This time last year Worthing’s Kenny Tutt had taken leave from his job as a bank manager and was settling into BBC cookery competition MasterChef.
The seven-week show takes amateur chefs, has them cook in a high-pressure kitchen environment and sees culinary professionals deliver their ruthless verdicts.
Kenny rose to the top, was crowned MasterChef Champion 2018 and is ending a whirlwind year by opening his first restaurant, PITCH, in his beloved home town.
“I thought about it long and hard,” said Kenny, who has just handed in his notice after 19 years at the bank.
“There’s more people in Brighton, even London, but Worthing is my home town.
“I’ve got a lot of time for the place – it’s a beautiful little seaside town that sometimes gets overlooked.”
Read more about Kenny’s plans for PITCH here: MasterChef champion to open his first restaurant in Worthing town centre
PITCH will move into Worthing town centre’s Warwick Street in May, taking over the building that used to be home to Nonna’s Kitchen.
Kenny said the ‘lively, pedestrianised foody destination’ was the perfect location for his first foray into the hospitality business.
Taking inspiration from his market trader parents, from whom he inherited his passion for food, he said PITCH will have a market feel with a touch of luxury.
“It will have really good, genuine food,” he said.

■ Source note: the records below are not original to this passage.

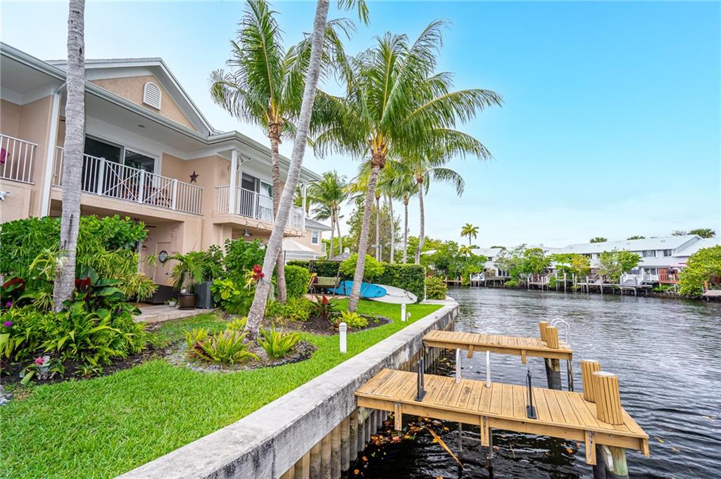 Gorgeous waterfront townhome meticulously renovated with a focus on quality throughout. The foyer entry leads you to the luxuriously remodeled kitchen w/quartz counters & high-end appliances. Spacious dining & living areas are light & bright with stunning river views. Elegant master suite provides more tranquil water views w/vaulted ceilings, private balcony, walk-in closet, updated ensuite bath. Second bedroom also feature an updated bath. Enjoy the South Florida lifestyle in this Key West style home, whether enjoying dinner under your covered patio or cocktails on your private dock! Ample storage including inside, patio closet and private storage room. Covered parking, impact windows & amazing location - moments to Wilton Drive, Las Olas, the beach, entertainment or relaxation.
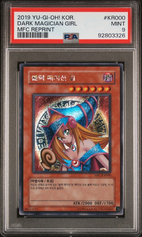 Korean Yu-Gi-Oh!: PSA 9 [MINT] DARK MAGICIAN GIRL [POPULATION 1 OF 48] - Population Link 2019 YU-GI-OH! KOREAN MAGICIAN'S FORCE REPRINT Selling: Korean Dark Magician Girl Graded PSA 9 [MINT] from the 2019 Yu-Gi-Oh! Korean Magician's Force Reprints. Current population of this card is 1 of 48 PSA 9's. All cards were pulled with video documentation & submitted for grading by the seller. Video Link PSA Certification
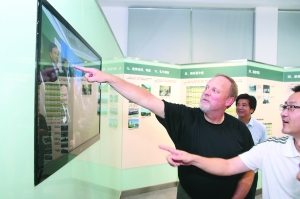 杰夫在衢州二中教育国际交流陈列室播放的纪录片里,找到了父亲的身影
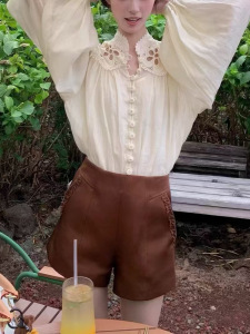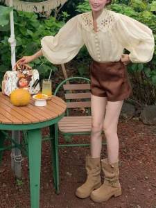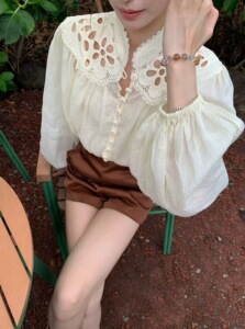 SourceWithU 刘亦菲同 苎麻镂空刺绣高质感棉麻长袖衬衫衣
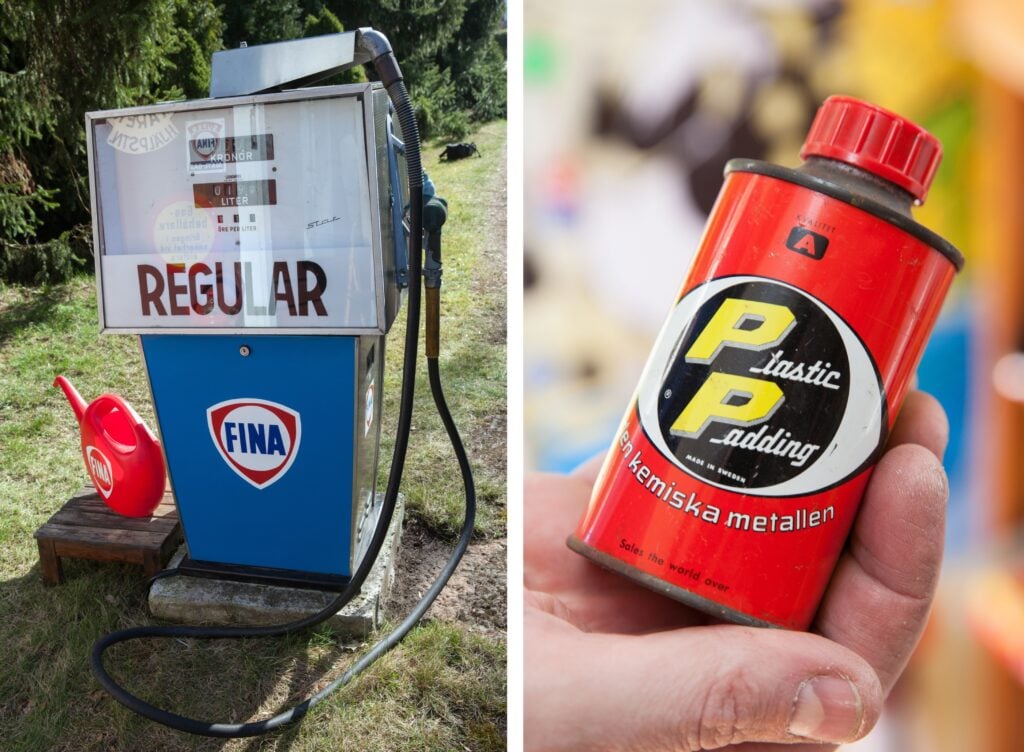 – Däremot är det värre med pumparna. Jag försökte övertala en ägare till en äkta pump att sälja, men han vägrade. Då hittade jag den här som är exakt samma modell men som stått på en Din-X-mack, och då var det inte mycket att tveka på. Jag slog till och lackade om den och försåg den med varumärkets emblem, säger han och visar pumpen som ser ut som om den fortfarande är i bruk.

“I want to make sure people don’t feel short changed by tiny portions. It will take good, classic British dishes like ham, egg and chips or jam roly polies, and make them the best they can be while still keeping the heart.

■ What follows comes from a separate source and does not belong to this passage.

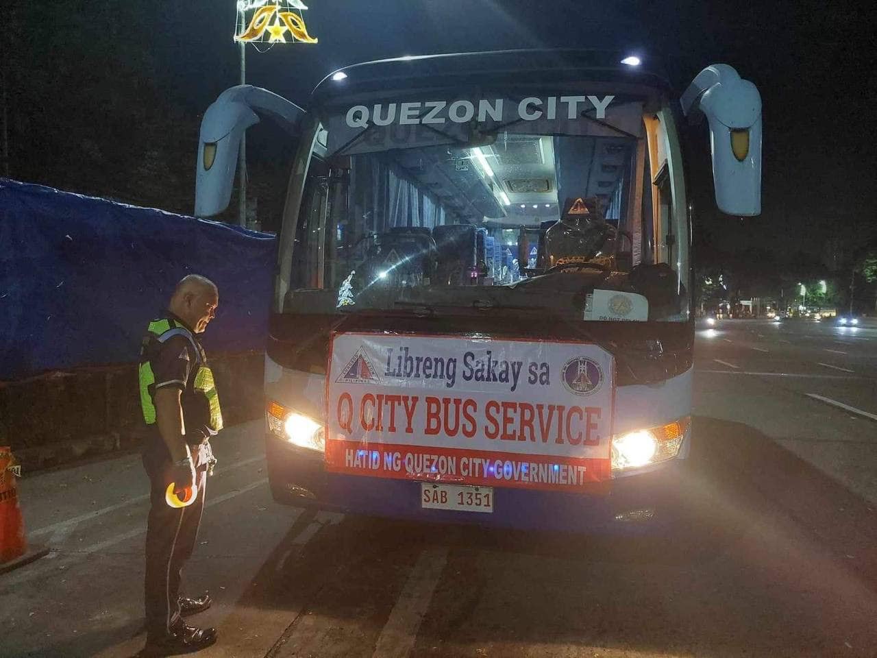 Nasa harapan ng National Housing Authority ang dalawang bus ng City General Services Department bilang karagdagang libreng sakay ng mga...

“There’ll also be great seafood – oysters, fish – from local suppliers and quality cream teas for lunch.
“I want it to be somewhere people can relax and feel comfortable in an atmosphere that still feels special, without that stiff upper lip attitude.”
Kenny, who still lives in Worthing, will run the kitchen as executive chef, supported by a head chef.
He said opening a restaurant was always at the back of his mind when he entered MasterChef, but he became hooked after working with some of the best chefs, in the best kitchens, in the world.
“I’ve got this opportunity, this great thing,” he said.
“I would never want to wake up and go ‘what if?’. Hospitality is a tough industry, but I like to challenge myself.”
Work has been going on behind the scenes for months, but Kenny said he plans to start work on the premises next week, when the windows will be whitewashed to maintain secrecy before the grand unveiling in May.
The reaction to yesterday’s announcement on the Herald and Gazette’s Facebook pages has been almost universally positive – a sure sign that the public are excited to see what Kenny has in store.
He said: “I am just so happy to be doing it in my home town. I’ve already had an amazing reaction and I have been truly humbled by the support I’ve received.”